Necessary Endings

“Getting to the next level always requires ending something, leaving it behind, and moving on. Growth itself demands that we move on. Without the ability to end things, people stay stuck, never becoming who they are meant to be, never accomplishing all that their talents and abilities should afford them.”― Henry Cloud

Divorce is one of the strangest circumstances a person can find themselves in. One day you’re spending your life with this person and the next, you’re strangers. You have to navigate an entirely different reality than what you were living in just months earlier, and have no clue how long it will take to get adjusted. Unfortunately, there’s no manual for such things, but the one thing that’s guaranteed is there will be waves of grief and sign posts of healing.

This past September, my crazy, powerful subconscious reminded me that it would have been my wedding anniversary at the end of the month – a date I hadn’t thought about in the four years since my separation. My subconscious holds on to those markers of pain like warning sirens ready to protect me from the next potential threat. I really do appreciate it, but she also catches me off guard at times!

Though there is no part of me that desires to be back in that marriage, I had to once again acknowledge that there was a loss. Of relationship. Of expectation. Of the future I thought I wanted.

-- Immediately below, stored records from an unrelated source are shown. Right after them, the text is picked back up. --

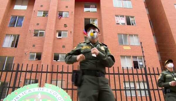 Αστυνομικοί επισκέπτονται γειτονιές της Μπογκοτά και χορεύουν zumba, προκειμένου να ενθαρρύνουν αλλά και να διασκεδάσουν τους ανθρώπους που είναι στο σπίτι, λόγω κορωνοϊού. Πολλοί είναι αυτοί που ανταποκρίνονται στο κάλεσμα και χορεύουν από τα μπαλκόνια τους.
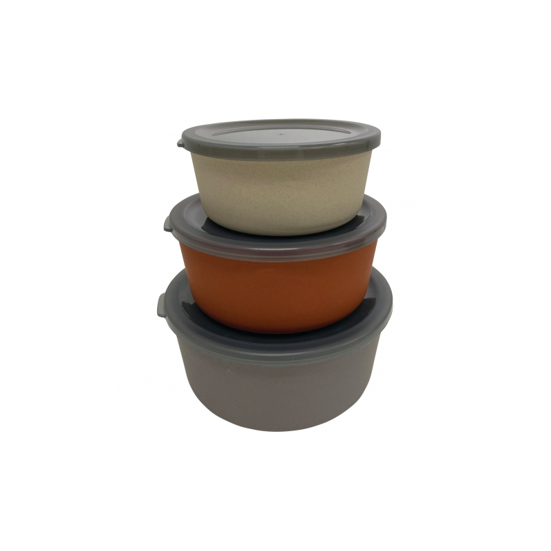Lot de 3 boîtes alimentaires en fibre de bambou équipées d'un couvercle en silicone gris.
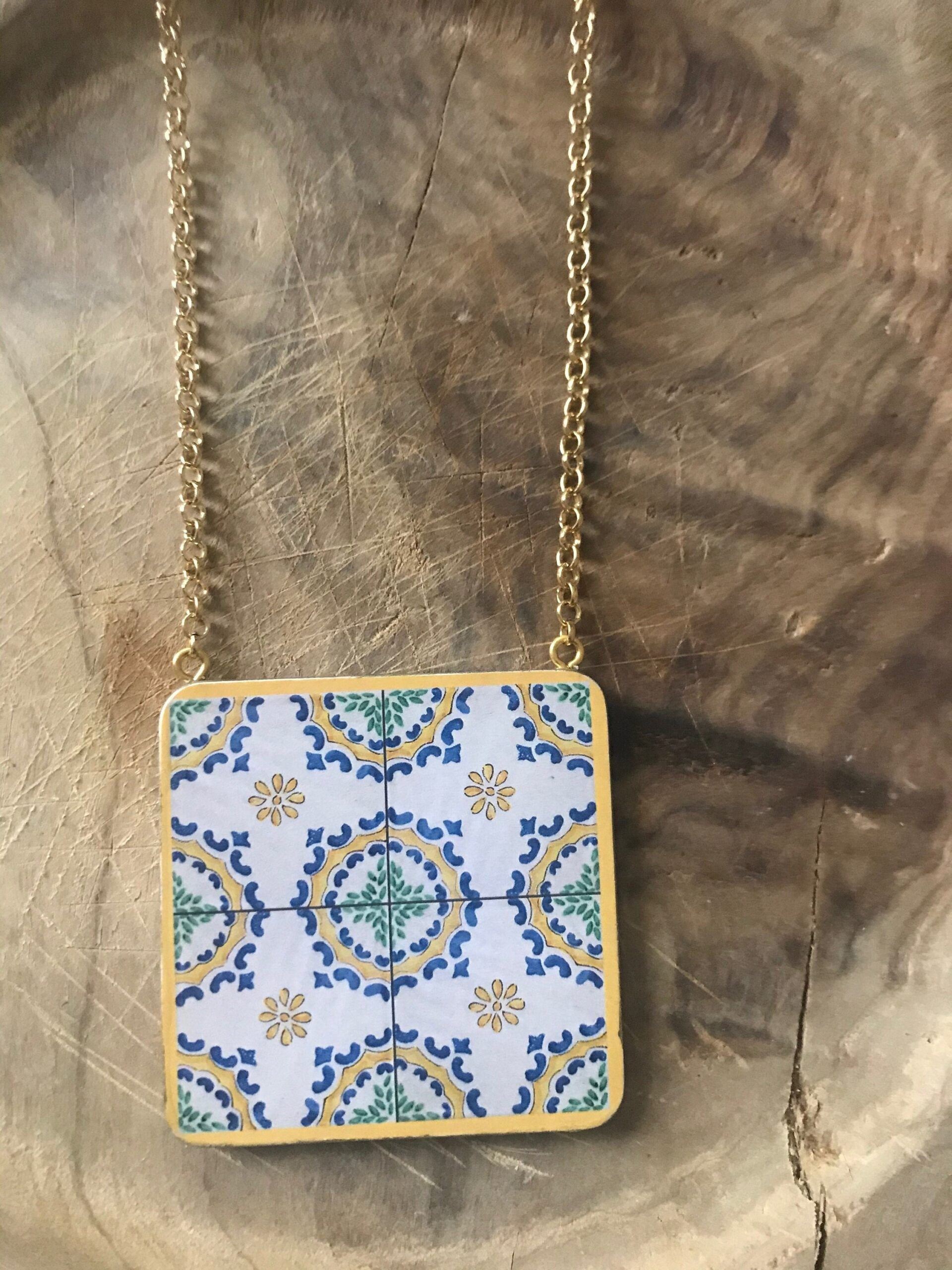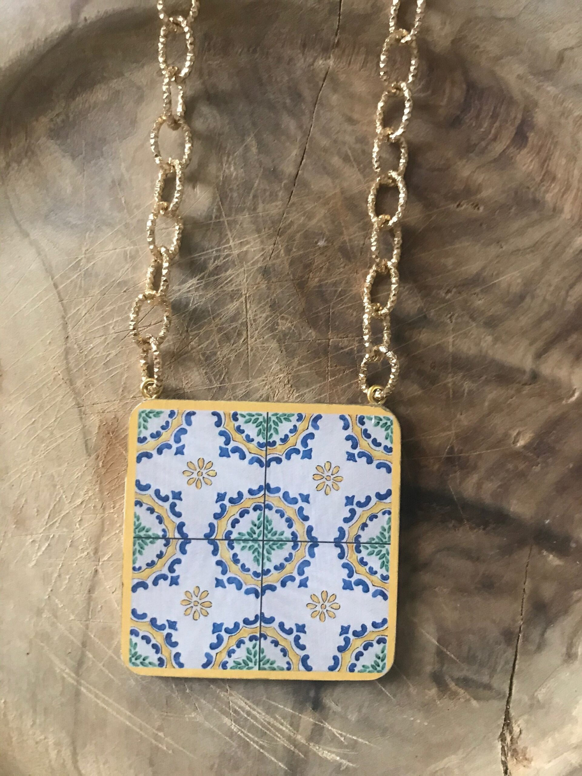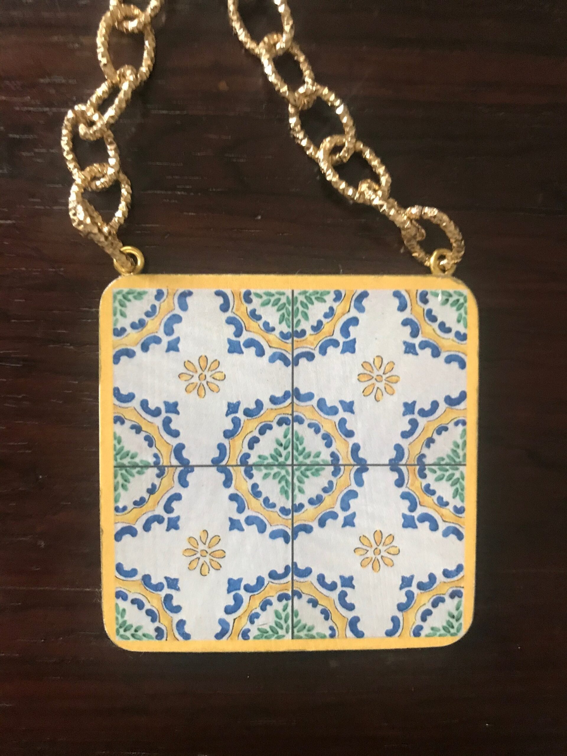 Composta da ciondolo double-face raffigurante due maioliche siciliane.

There was continued grieving for the person I was – a girl willing to live with only partial joy. Someone who didn’t think there could be better because maybe she didn’t believe she deserved better. She was caged by a lack of emotional awareness and slave to the suffering of not feeling truly known and loved.

On the other hand, I felt encouraged to keep going. To know that life has led me to right here and right now. To see how much freedom, joy, and love I experience in the present. To recognize the progress of fibers reattaching and holes being filled in. Even bricks being taken down from the wall built around my heart.

The wounded parts feel smaller, more insignificant. The whole, beating part more available to risk and love and be the version of me I admire most – open, expansive in my capacity for others, fully alive.

I see a little girl and the Christ, and the intersection of the two within my soul. She is happy. Confident. And ready for new beginnings.

[Photo: In San Miguel de Allende for a friend’s birthday and Dia de los Muertos – remembering the past and celebrating the future.]